First, the joint resolution is seeking that all public and private sector entities engaged in handling personal information be subject to privacy laws and be required, among other things, to:

  • implement privacy management frameworks;
  • practice data minimization and limited use;
  • establish appropriate security measures safeguarding personal information;
  • notify regulators and individuals affected by privacy breaches; and
  • allow individuals control their personal information, including real choice and meaningful consent.

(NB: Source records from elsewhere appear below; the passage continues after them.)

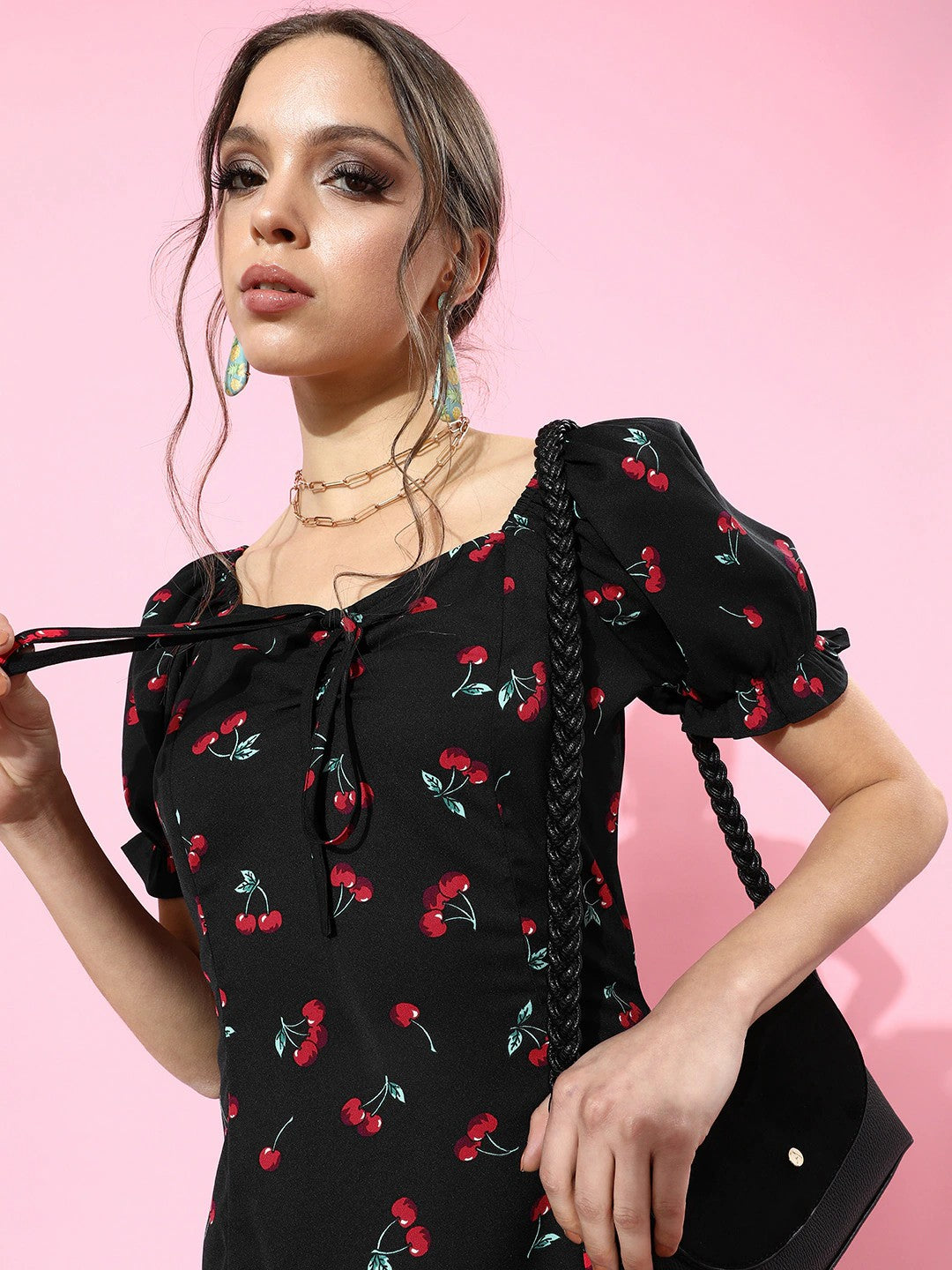 Presents a glimpse of sophistication, chicness, and flattering silhouette by wearing this Black & Red Cherry Printed Sweetheart Neck Crepe Ruffled A-Line Midi Dress from Berrylush. Tailored in an A-line shape that gives this dress a contouring silhouette from the shoulders to the waist area which is further accompanied by flared shape bottom. Presenting a sweetheart neck design that adds a hint of romantic essence to your casual look with a heart shape outline to your beautiful neckline. Styled with short-puff sleeves that present a classy mixture of 80's style with a modern twist and touch to make this dress appear captivating. Team up this tiered dress with a pair of black wedges, a double-layer neckpiece, and a sassy side bag for creating a charming look.
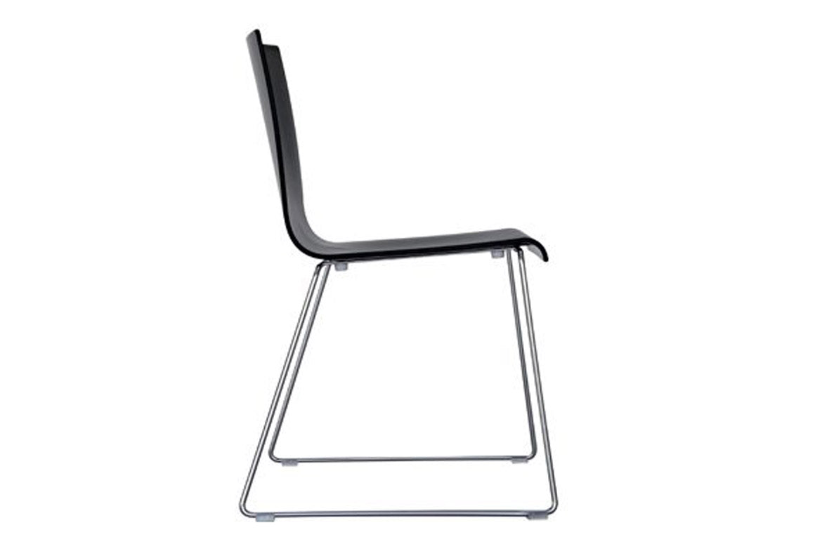Sedia impilabile con scocca in tecnopolimero disponibile in diversi colori. Telaio a slitta in filo d’acciaio Ø10mm verniciato in tinta alla scocca o cromato.
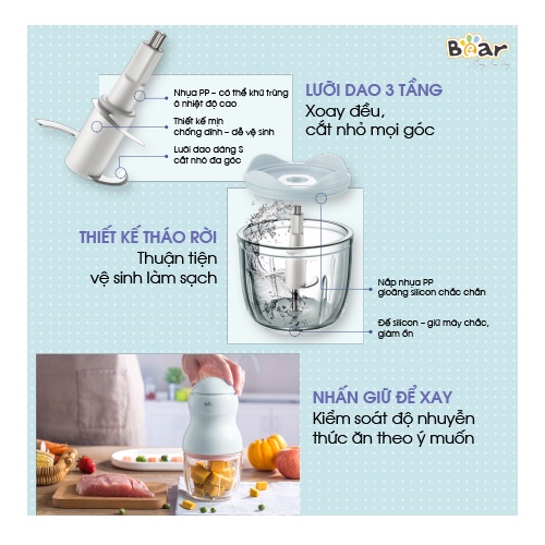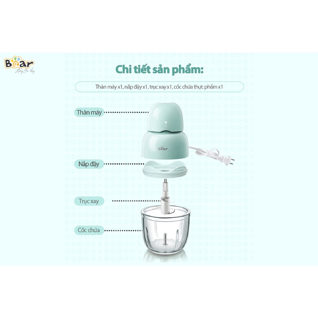 Máy xay đa năng Bear được thiết kế đơn giản với một nút điều khiển duy nhất cực dễ sử dụng, Thiết kế đơn giản với cốc xay và lưỡi dao tháo rời, dễ vệ sinh, thanh thế phụ kiện khi cần thiết. Phù hợp cho các mẹ sử dụng xay đồ ăn dặm cho bé cũng như làm các món xay cho cả gia đình.Máy xay Bear có lưỡi dao sắc bén có thể xay nhuyễn các loại thịt, tôm, cá, rau củ quả... Ngoài ra các mẹ có thể xay sinh tố, sữa chua, hoa quả cho bé. Máy xay cực êm, đế cao su chống trơn trượt.
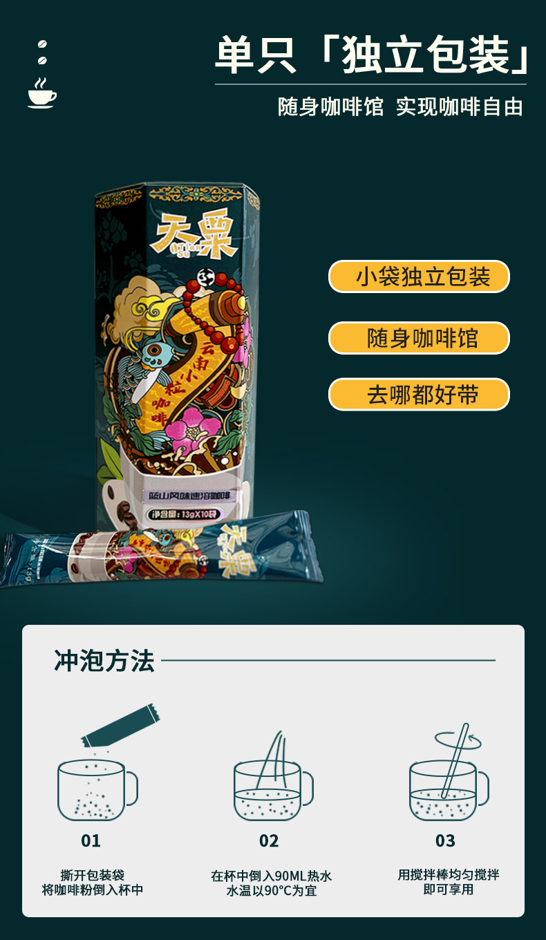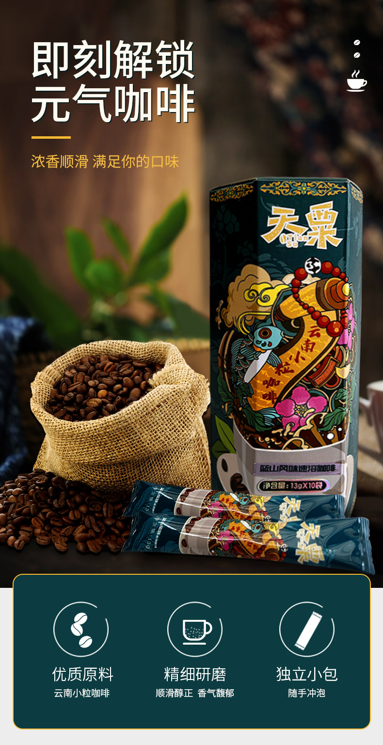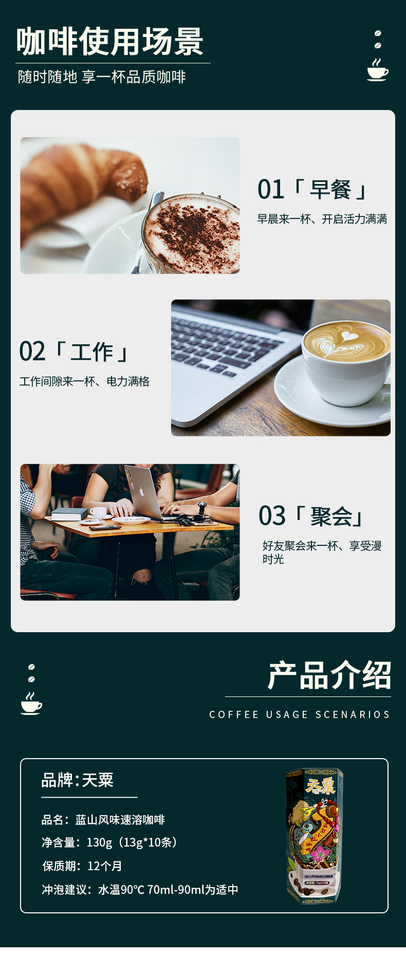 天粟牌三合一速溶咖啡(蓝山风味)10条*13g/盒
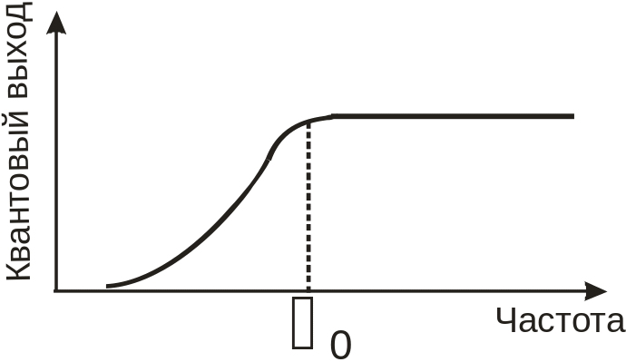 Квантовый выход люминесценции остаётся постоянным при частотах возбуждающего света >0 , а при <0 с уменьшением частоты быстро падает до нуля (рис. 3).
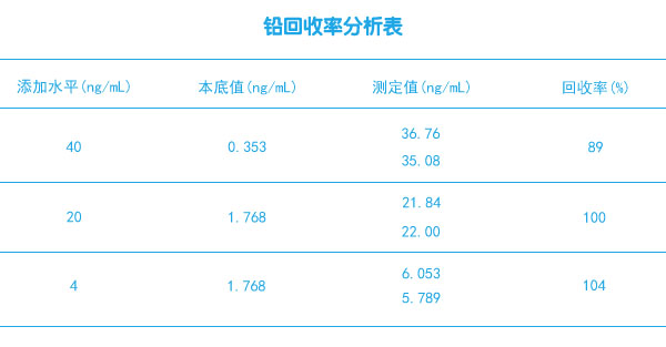 通過對11個空白的測定,以3倍空白的標準偏差所對應的濃度值表示,方法檢出限為2.1ng/mL。精密度以在相同條件下測定的6次啤酒所得值的相對標準偏差表示,為8.3%。為了驗證方法的實用性,利用建立的整套方法分析不同樣品中鉛的含量及回收率(見表格回收率測定結果)。
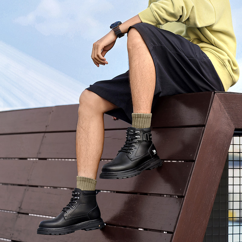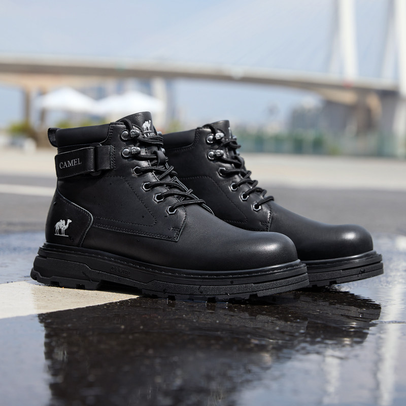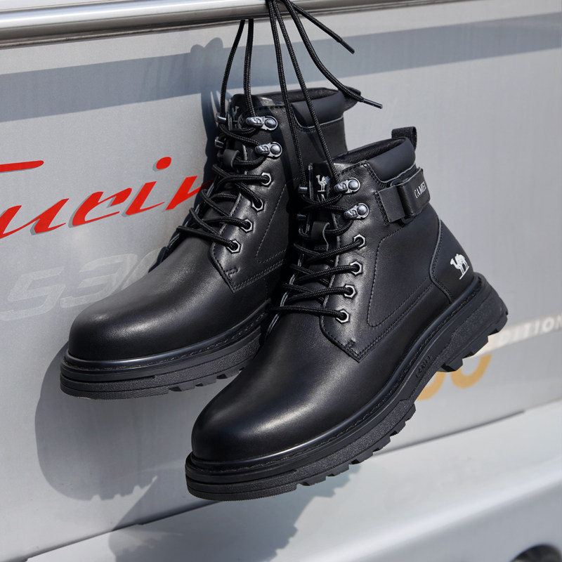 骆驼男鞋秋冬季马丁靴油蜡牛皮舒适增高厚底城市户外复古工装靴子
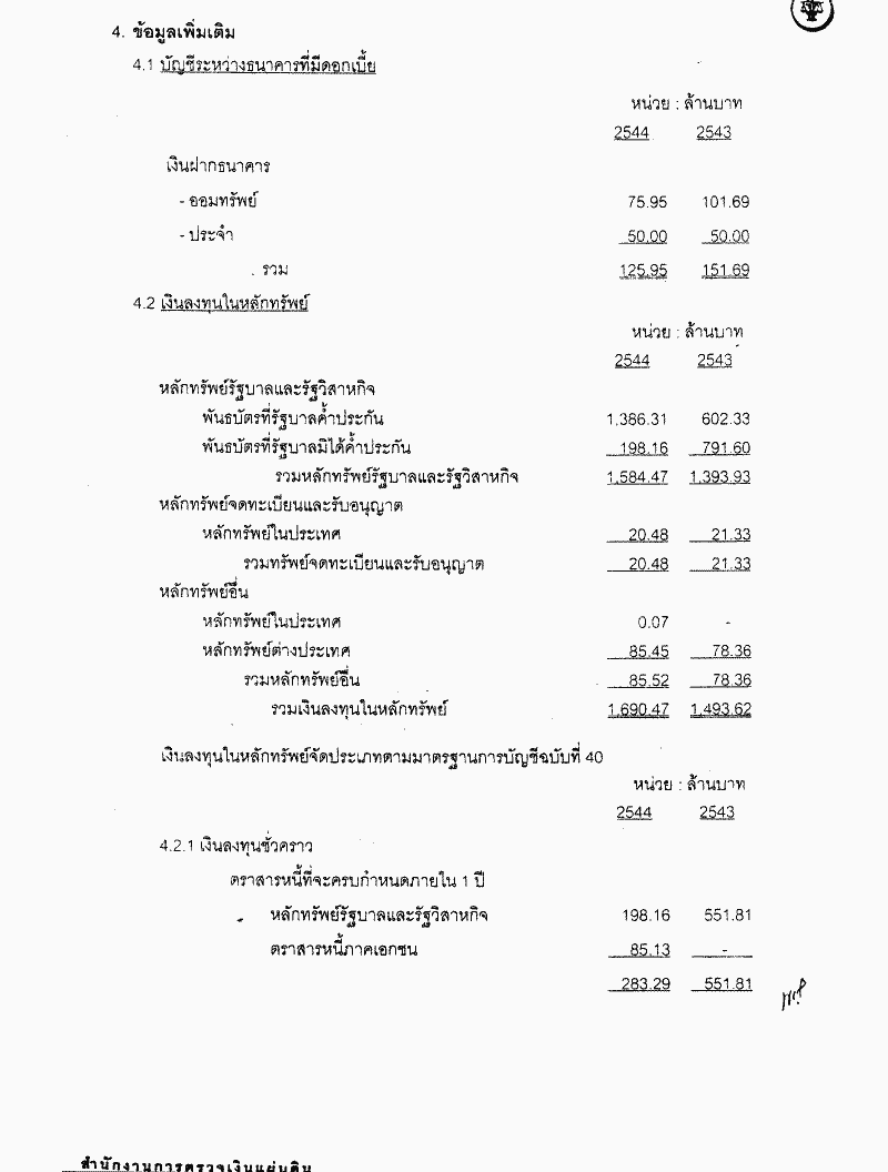 ชื่อเอกสาร :   รับทราบรายงานกิจการประจำปี งบดุล บัญชีกำไรและขาดทุนของธนาคารเพื่อการส่งออกและนำเข้าแห่งประเทศไทย ประจำปี 2544
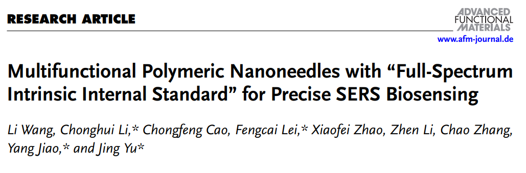 近日,满宝元教授团队在自然指数期刊《Advanced Functional Materials》上发表题为“Multifunctional Polymeric Nanoneedles with‘Full-Spectrum Intrinsic Internal Standard’for Precise SERS Biosensing”的研究论文。365上市公司为第一署名单位,硕士研究生王丽为论文第一作者,郁菁副教授、焦扬副教授及德州学院李崇辉副教授为论文共同通讯作者。该论文完成过程中得到济南市中心医院曹崇峰主任,以及我院张超教授、李振副教授、赵晓菲博士的帮助与支持。
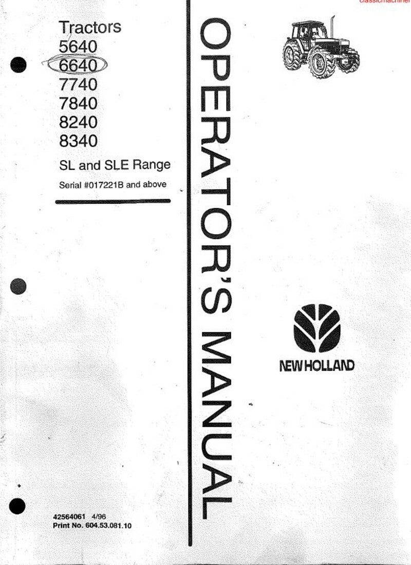 New Holland 40 Series 5640 6640 7740 7840 8240 8340 Operators Manual
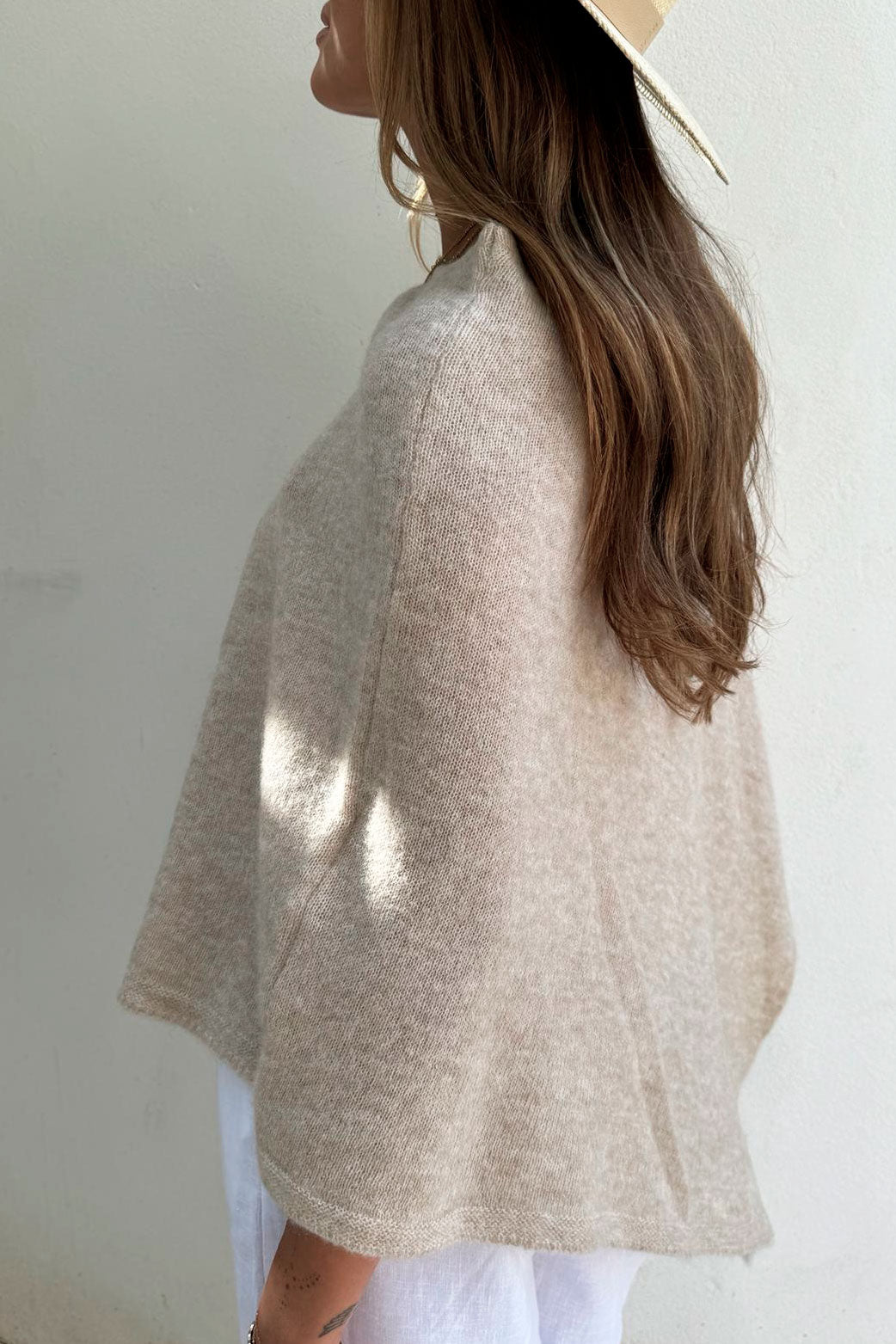 Henkäyksen kevyt ja pehmeä poncho ylellistä alpakkaa. Yhdistä saman sarjan unelmanpehmeään Adams-alpakkahuiviin.

Second, the joint resolution urges proactive disclosure of information that is in the public’s interest, with limited exceptions to the right of access. The Commissioners also called on governments to create legal frameworks to ensure responsible development and use of artificial intelligence and machine learning technologies in accordance with the principles of transparency, accountability, and fairness.

Third, the joint resolution is calling on governments to strengthen the Commissioners’ enforcement powers to allow individuals to effectively assert their access and privacy rights against non-compliant entities.